The basic problem is that Jaybird needs to execute each insert individually, and that means that each execute (assuming auto-commit mode is false, and use of a prepared statement) will generate at minimum one request to the server, and one response back (with either "success" or an error if the execute failed) for each execute. This also means it is not possible to "force Jaybird/Firebird to use the full size of the network packet"

If an update count is needed (e.g. executeUpdate or batch execution), it will need 2 requests to the server, and 2 responses. This also explains your observed difference between using execute() and addBatch()/executeBatch(), as this last option requires the update counts (per set of parameters!).

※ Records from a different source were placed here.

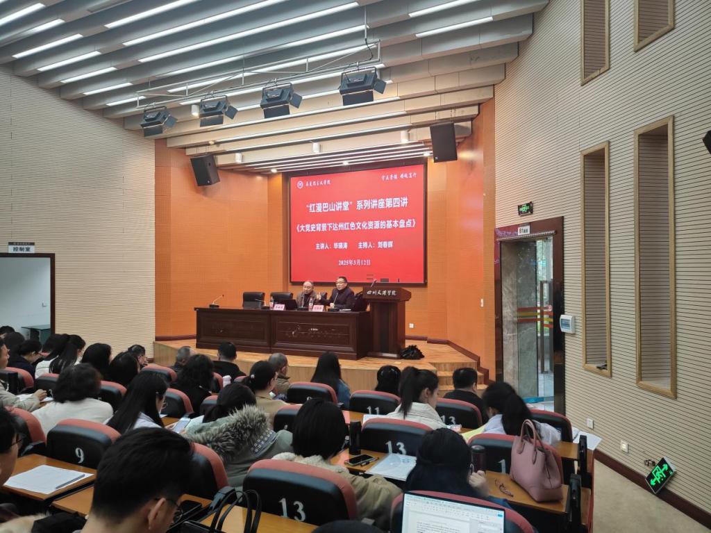 3月12日下午,应学院邀请,中共四川省达州市委党校原副校长、教授,二级巡视员毕瑛涛来我校作“红漫巴山讲堂”系列讲座第四讲——《大党史背景下达州红色文化资源的基本盘点》。讲座由学院党委书记刘春辉主持,永利集团yl6809官网师生参加讲座。
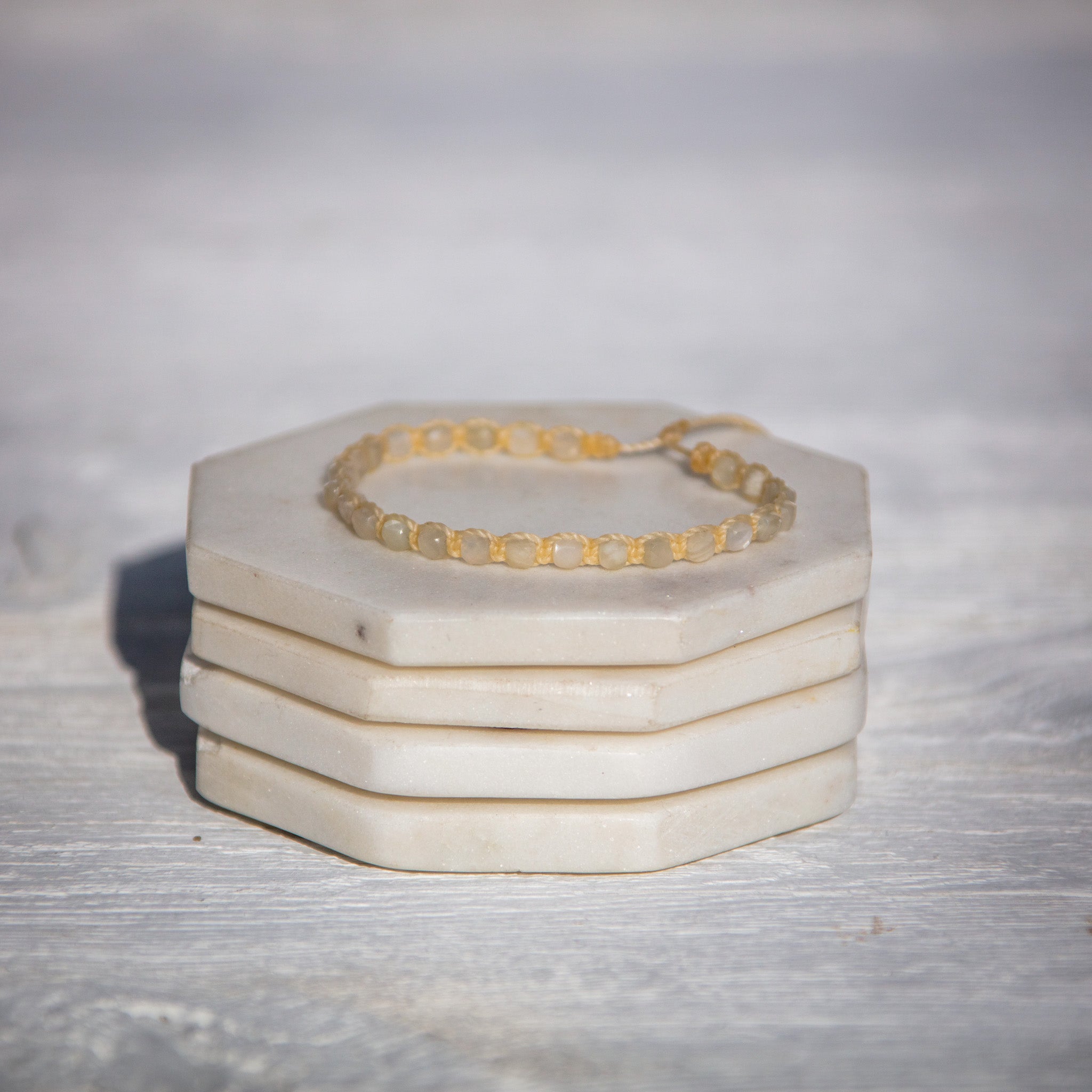 While our pieces are made with the finest Settanyl waxed threads for longevity, occasional cleaning can retain the gemstones' optimal luster. Simply used a soft, damp cloth to wipe the gemstones. Store separately from other jewelries so they don't get scratched.
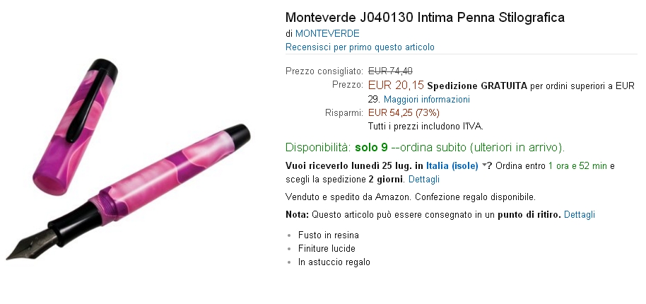 Una Monteverde in resina a € 20,15 mi sembra sottocosto. Però è rosa
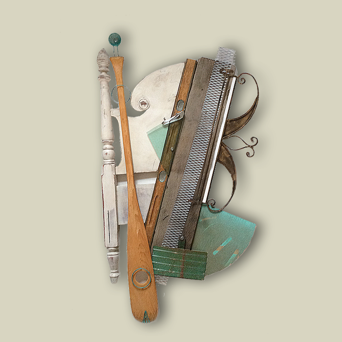 wood and metal assemblage incl. headboard, oar, level, hose hanger, car window.
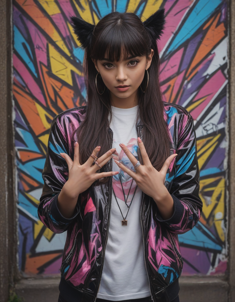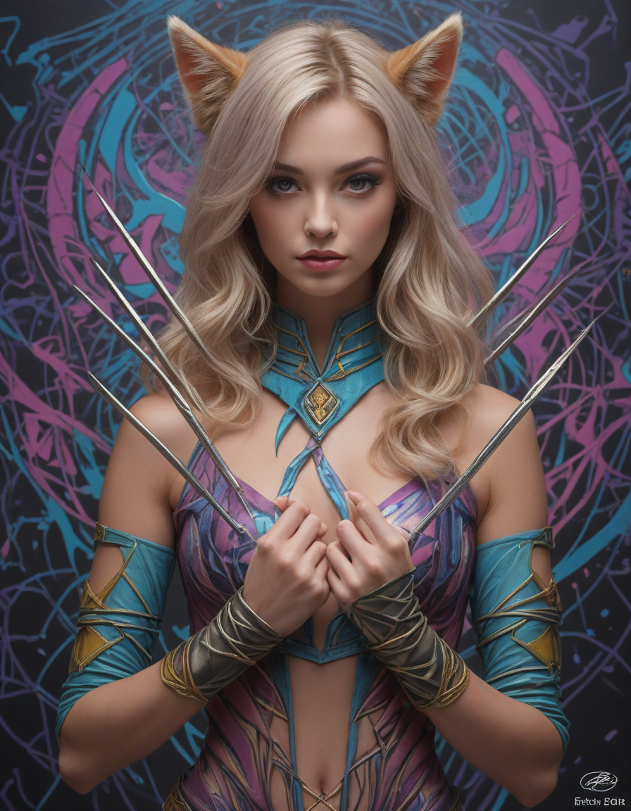 nice hands, attractive, symetrical, very attractive, Prismatic renaissance, whimsical graffiti, New Romantic 80s clothing, wolverine claws, cat
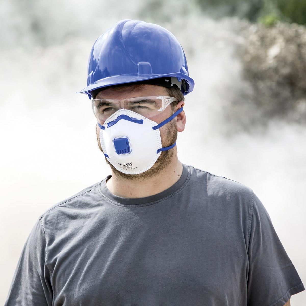Die hochwertige Feinstaubmaske FFP1 NR D mit Ventil schützt bis zum 4-fachen MAK-Wert (maximale Konzentration am Arbeitsplatz - Grenzwert).

Jaybird emulates JDBC batch execution, so it doesn't result in any performance gain. In fact, as you discovered, compared to execute() it performs even worse, though in auto-commit mode it would perform better compared to individual executes as it avoids transaction commit + transaction start (which requires an extra 2 requests and 2 responses).

Based on the provided information, I don't think there is a possibility to improve performance, other than Jaybird implementing support for Firebird 4+ batch execution. As Vasiliy mentioned, if you're using Firebird 4, you could also switch to RedSoft's fork of Jaybird and use their support for batch execution (native only).

mrotteveel commented 2 years ago

Created #695 for implementing Firebird 4 batch protocol. I'm closing this issue. For further discussion, I suggest posting to firebird-java.